IOL power calculation was performed utilizing dedicated ray tracing software (Okulix, Version 8.81) based on corneal tomography scans (Pentacam HR, Software Version 1.17r139; both: Oculus Optikgeräte GmbH, Wetzlar, Germany), optical biometry and anterior chamber depth measurements (both: IOLMaster 500, Software Version 7.7.7.0330; Carl Zeiss Meditec AG, Jena, Germany). Ray tracing based IOL power calculation was performed for the IOL model CT Asphina 404 (Carl Zeiss Meditec AG) aiming for plano residual refraction. The predicted postoperative residual refractive error of the IOL determined by ray tracing was compared with the residual refraction of the same IOL model and power as predicted by a range of empirically optimized IOL power calculation formulas. The American Society of Cataract and Refractive Surgery (ASCRS) post-keratorefractive surgery IOL power calculator (Version 4.8; http://iolcalc.ascrs.org; last accessed 04/12/2019) was used to calculate the predicted residual refractive error using the following formulas that take into account pre-keratorefractive data: Barrett True K, Masket3, Modified Masket. Moreover, the following formulas available in the ASCRS calculator were used, which do not incorporate preoperative data: Barrett True K No History, Haigis-L5, Potvin-Hill14 and Shammas4. As described in detail elsewhere14, the Potvin-Hill method uses Pentacam Scheimpflug imaging (Oculus Optikgeräte GmbH, Wetzlar, Germany) to estimate post-LASIK/PRK corneal power from the value “true net power” calculated for the 4.0 mm zone centered on the corneal apex as well as the Shammas formula for IOL power calculation. When appropriate, optimized IOL constants were used as published on the User Group for Laser Interference Biometry (ULIB) website (http://ocusoft.de/ulib/index.htm; last accessed 04/12/2019).

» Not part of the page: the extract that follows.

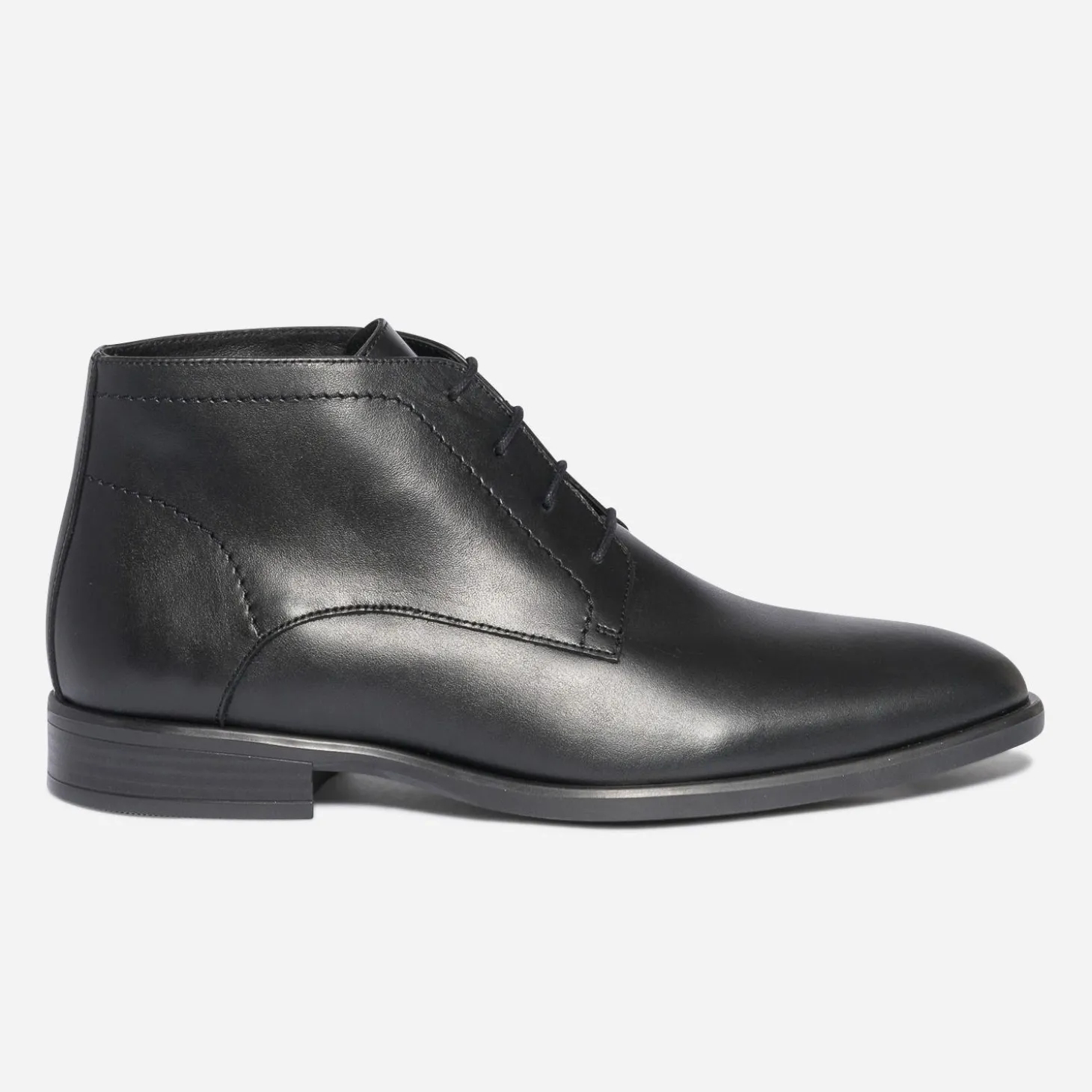 Le Chukka boots est un nouveau modèle masculin, qui mérite d’être essayé. Il est confectionné en cuir noir et se démarque par une tige plus souple. Doublure en cuir, première en cuir, il promet un confort absolu. Un modèle parfait, avec un look formel, comme le costume noir et la chemise blanche.

Subjective manifest refraction

Subjective manifest refraction was measured a minimum of three months after SMILE using the Jackson cross-cylinder method and the standard ETDRS visual acuity chart at 4 m distance.

Statistical analysis

On the basis of a recent editorial on protocols for studies of IOL formula accuracy21, the prediction error (PE) was defined as the difference between the residual refraction predicted by ray tracing and the residual refraction predicted by the respective IOL power calculation formula for the same IOL power and model. The arithmetic mean of the PE was referred to as the mean error (ME). Moreover, all negative errors were converted to positive to calculate the mean absolute error (MAE) as well as the median absolute error (MedAE). Furthermore, the standard deviation, minimum and maximum (range of PE) as well as the percentage of eyes within ±0.25, ±0.50, ±0.75 and ±1.00 diopter (D) were reported21. Boxplots were created to illustrate the differences in PE between different IOL power calculation formulas. Analysis of variance (ANOVA) with Tukey post hoc testing was performed to assess the differences in refractive prediction error between formulas. Statistical comparisons between absolute prediction errors were performed using repeated measures analysis of variance (Friedman test with Wilcoxon signed-rank post hoc analyses for nonparametric samples and Bonferroni correction). Fisher’s exact test with Bonferroni correction was employed to compare the proportions of eyes within certain refractive prediction error ranges (±0.50D and ±1.00) as yielded by the respective formulas. A p-value of <0.05 was defined as indicative of statistical significance. All statistical analyses were performed using SPSS 25.0.1 for Windows (IBM Corp.; Armonk, NY, USA).